Rob on April 13, 2008 07:35 PMA great gesture. I just hope the $10 000 will have enough benefit to be worth while.
dotnet problems
http://www.dotnetproblems.com
That's just great Jeff. All the best to screwturn and to you.
Samrat Patil on April 13, 2008 10:36 PMWhile we're on the subject of blurring the sensitive stuff, I would have blurred the signature, or taken the picture before signing it. Now bad bad guys know what it looks like. Maybe I'm paranoid.
Congratulations on raising and donating 5k to such a worthy project.
Burton on April 13, 2008 10:44 PMWay to go Jeff. I'll drink to your health this evening.
GUI Junkie on April 13, 2008 11:52 PM@rod that happened before. Seems that there are comments that are wanted, and some that are not wanted. If you would mention that something lieke MAME which was mentioned a few post before is not legal in most countrys the post will be deleted. If you put a one line "Bravo" or "Commentable" in this post it will stay here forever. You just don't have the freedom of speech here. The blog is owned by Jeff, so you must live with this drawback.
offler on April 14, 2008 01:33 AM@atario hm.. if he is doing the blog in his worktime i would see a problem, if he would do it before or after, what the heck.
offler on April 14, 2008 01:35 AMThis is great. But I don't understand the concern over two sources of income. It's quite common.
Jeff Davis on April 14, 2008 06:02 AM@jeff davis
depends on the country were you are living. at our country there would be a problem if you would take a second job if you not have an explicit arrangement with your first entrepreneur. than you wuld pay more taxes for the second job and so on. Some posters do blogs while working. They didn't spend the time for the work they get paid for.

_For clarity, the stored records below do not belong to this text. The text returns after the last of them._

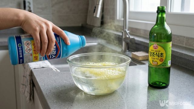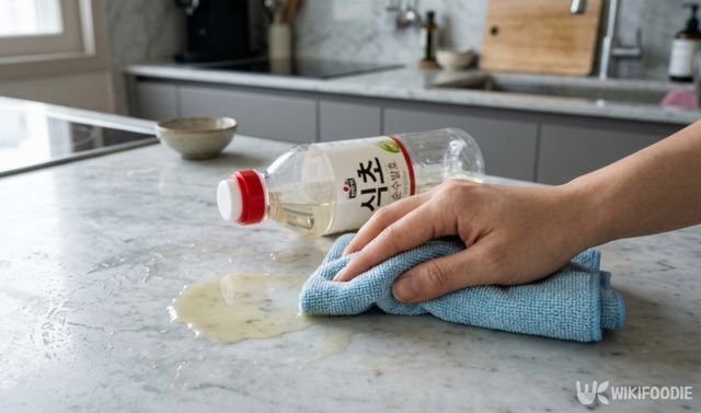 처음 식초를 묻혀 닦으면 반짝거리는 것처럼 보일 수 있으나, 시간이 지나면 광택이 죽고 거칠거칠한 질감으로 변하게 된다. 특히 식초를 뿌려둔 채 방치하면, 돌 내부로 산성 성분이 스며들어 지워지지 않는 얼룩을 남긴다. 인조 대리석 역시 강한 산성에 취약할 수 있어 각별한 주의가 필요하다. 이런 석재 표면을 닦을 때는 산성이나 알칼리성이 아닌 물에 중성 세제를 연하게 타서 닦는 것이 안전하다.
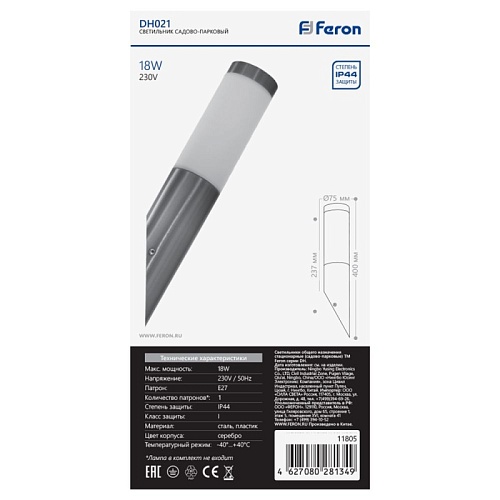 Светильник садово-парковый Feron DH022-650, Техно столб, max.18W E27 230V, серебро
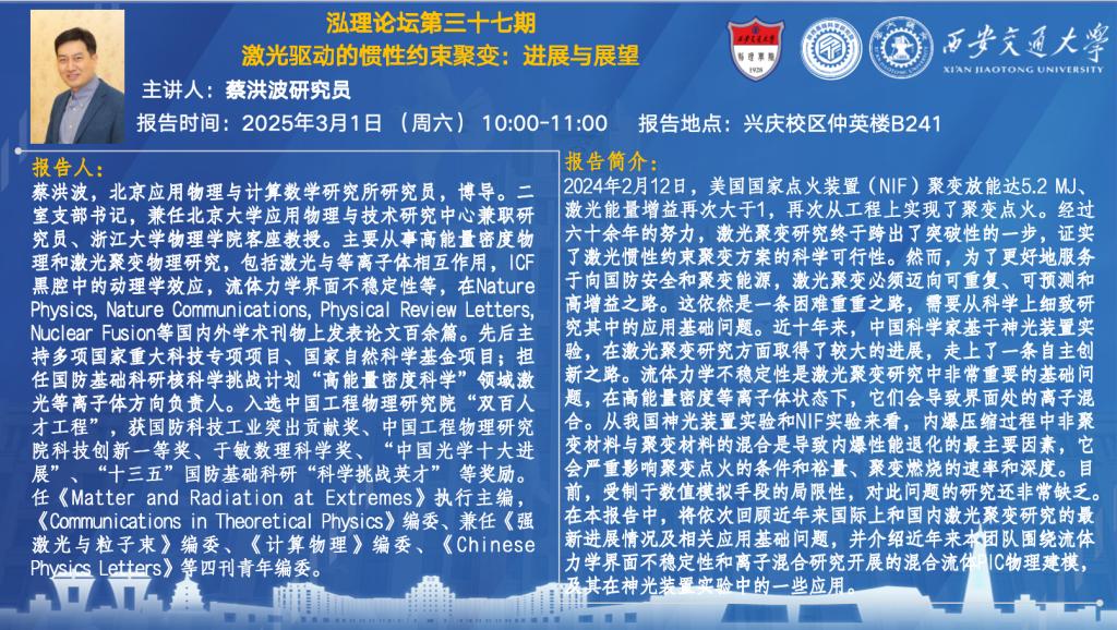 【泓理论坛第三十七期】——激光驱动的惯性约束聚变:进展与展望
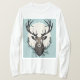 Stylized illustration of a deer head with large antlers, overlaid on a circular backdrop suggesting a forest scene. Features a modern, graphic design.
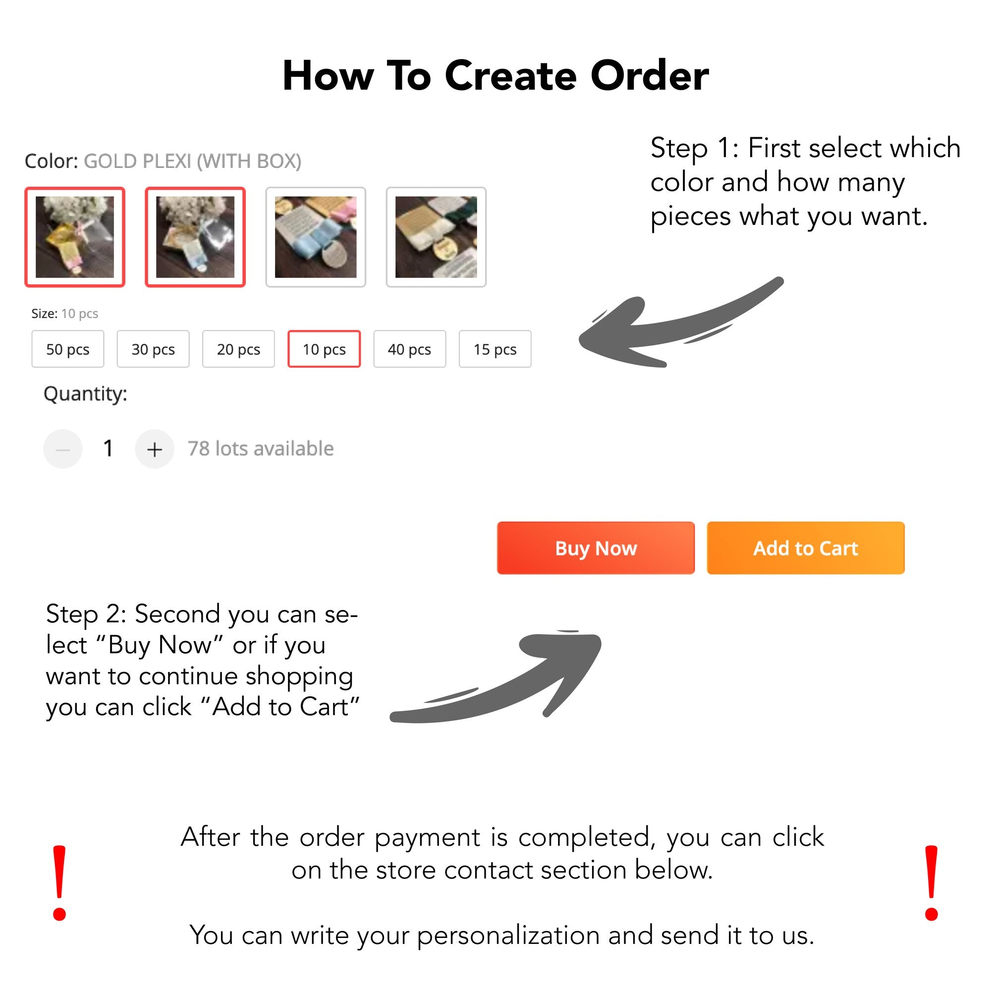 Złóż zamówienie, po prostu wysyłając nam wiadomość z wybranym kolorem wstążki i szczegółami personalizacji. Minimalna ilość zamówienia to 10 sztuk, aby zapewnić, że każdy gość otrzyma symbol Twojej wdzięczności.

I noticed that on your spreadsheet, you have an "N" in the "Eligible?" column for ScrewTurn.
David on April 14, 2008 02:43 PM$5k is big money considering that it is coming from an individual. Congrats to ScrewTurn project. I should also think about donating my blog money to FOSS project.
Thejesh GN on April 14, 2008 11:04 PMSweet! Now if only there were more people out there that are willing/want to help the community of programmers. We must all stick together if we are to advance the technology into something useful by everyone. Not just our consumers that use our products, but the other programmers that have to make the products.
Matt on April 15, 2008 07:05 AMgreat news !!!!!!